Минт повеселел, приободрился и ожил.

— Только не забывай, — нарочито мрачно сказал Гатар, снова кладя ему руку на плечо, — что напарничество работает в обе стороны, иначе оно зовется иначе. Мы прикрываем тебя, ты прикрываешь нас.

— Да не волнуйся, все будет в лучшем виде! — заверил его Минт, ударяя себя кулаком в грудь.

Последователи Пентрока, бога хитрости и проныр, тоже любили так уверять, а потом обманывали. Был у Гатара печальный опыт, еще до того, как он встретил Ираниэль. Вот ее, хоть эльфийка и молилась Филоре, было не провести. Но как быть, если Терун поощрял честность и прямизну воинов?

— Особенно, если Ираниэль согласится, чтобы я прикрыл ей спину, ну, ты понимаешь, — подмигнул Минт.

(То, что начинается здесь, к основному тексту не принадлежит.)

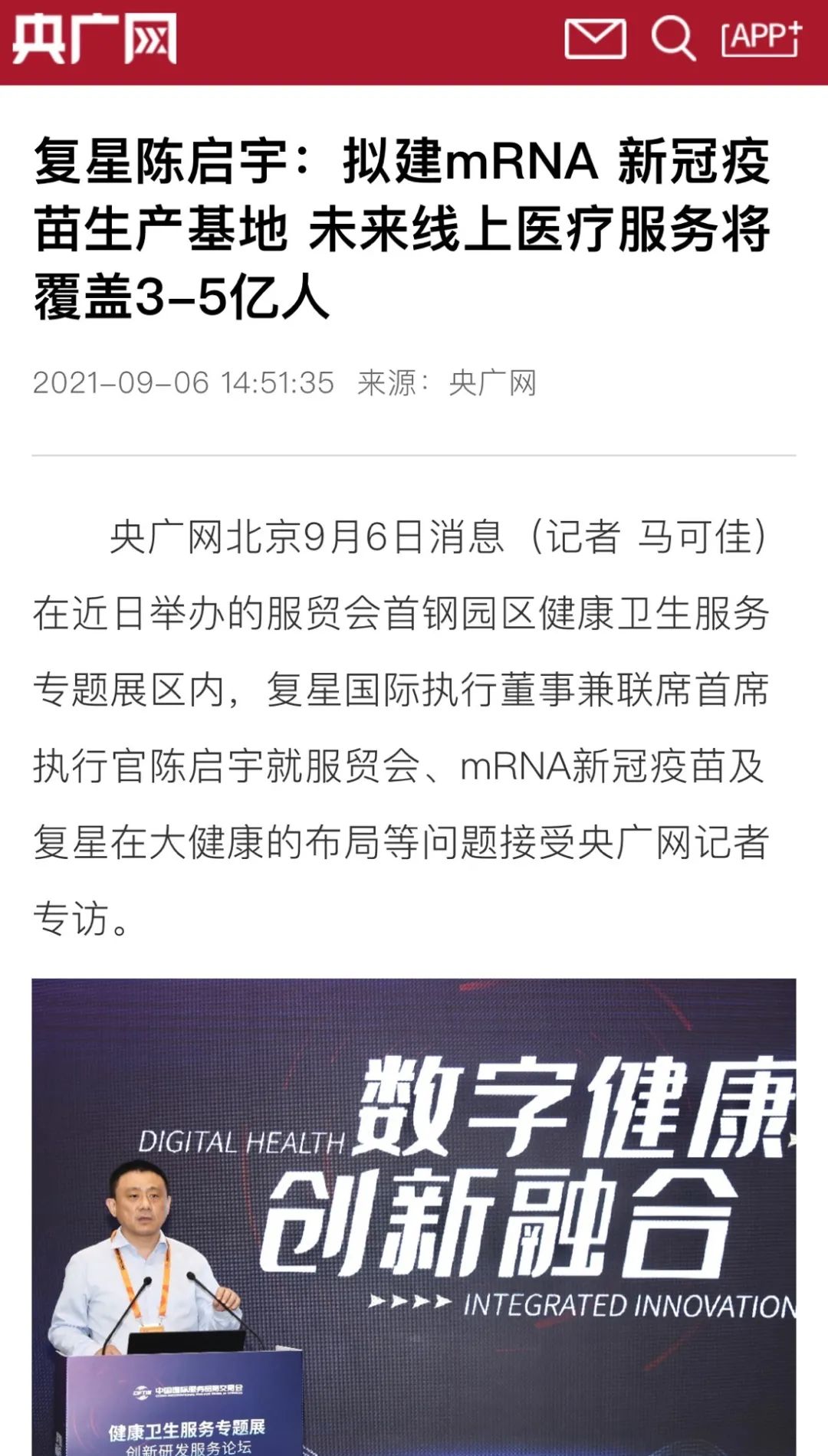 复星陈启宇:拟建mRNA新冠疫苗生产基地 未来线上医疗服务将覆盖3-5亿人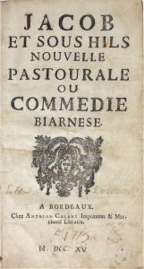 Anonyme. Jacob et sous Hils. Nouvelle Pastourale ou Commedie Biarnese. Bordeaux, An-toine Calamy, s. d. (1715). In-8, broché. Couverture d'attente faite d'un vieux parchemin. 30 pp. Rare plaquette en occitan mettant en scène Jacob et ses fils :...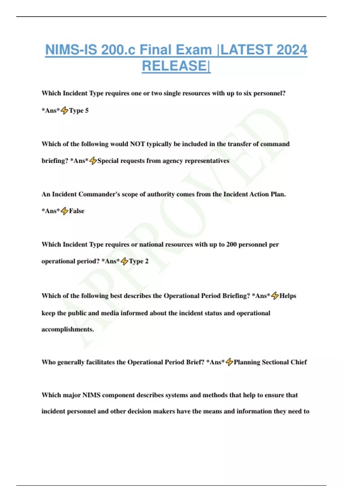 NIMS-IS 200.c Final Exam |LATEST 2024 RELEASE| Which Incident Type requires one or two single resources with up to six personnel? *Ans* Type 5 Which of the following would NOT typically be included in the transfer of command briefing? *Ans* Special requests from agency representatives An Incident Commander's scope of authority comes from the Incident Action Plan. *Ans* False Which Incident Type requires or national resources with up to 200 personnel per operational period? *Ans* Type 2 Which of the following best describes the Operational Period Briefing? *Ans* Helps keep the public and media informed about the incident status and operational accomplishments. Who generally facilitates the Operational Period Brief? *Ans* Planning Sectional Chief Which major NIMS component describes systems and methods that help to ensure that incident personnel and other decision makers have the means and information they need to make and communicate decisions? *Ans* Communications and Information Managemen

Нет, пожалуй на последователя Пентрока он не тянул. Ему любили поклоняться действительно хитрые личности, особенно те, что занимались темными и незаконными делишками. А Минт же, скорее тянул на простофилю, лишь мнящего себя хитрецом из-за недостатка Интеллекта и Мудрости. Но это было поправимо. Суровая школа жизни, со стороны Гатара, и хитрость с коварством, со стороны Ираниэль.

Но и орк был способен на хитрости — например, он собирался приступить к тренировкам и перевоспитанию уже после того, как Минт подпишет контракт о найме.

— Все в твоих руках, — наклонил голову Гатар. — Сотый уровень — не предел, особенно для того, кто поставил себе цель и упорно к ней идет.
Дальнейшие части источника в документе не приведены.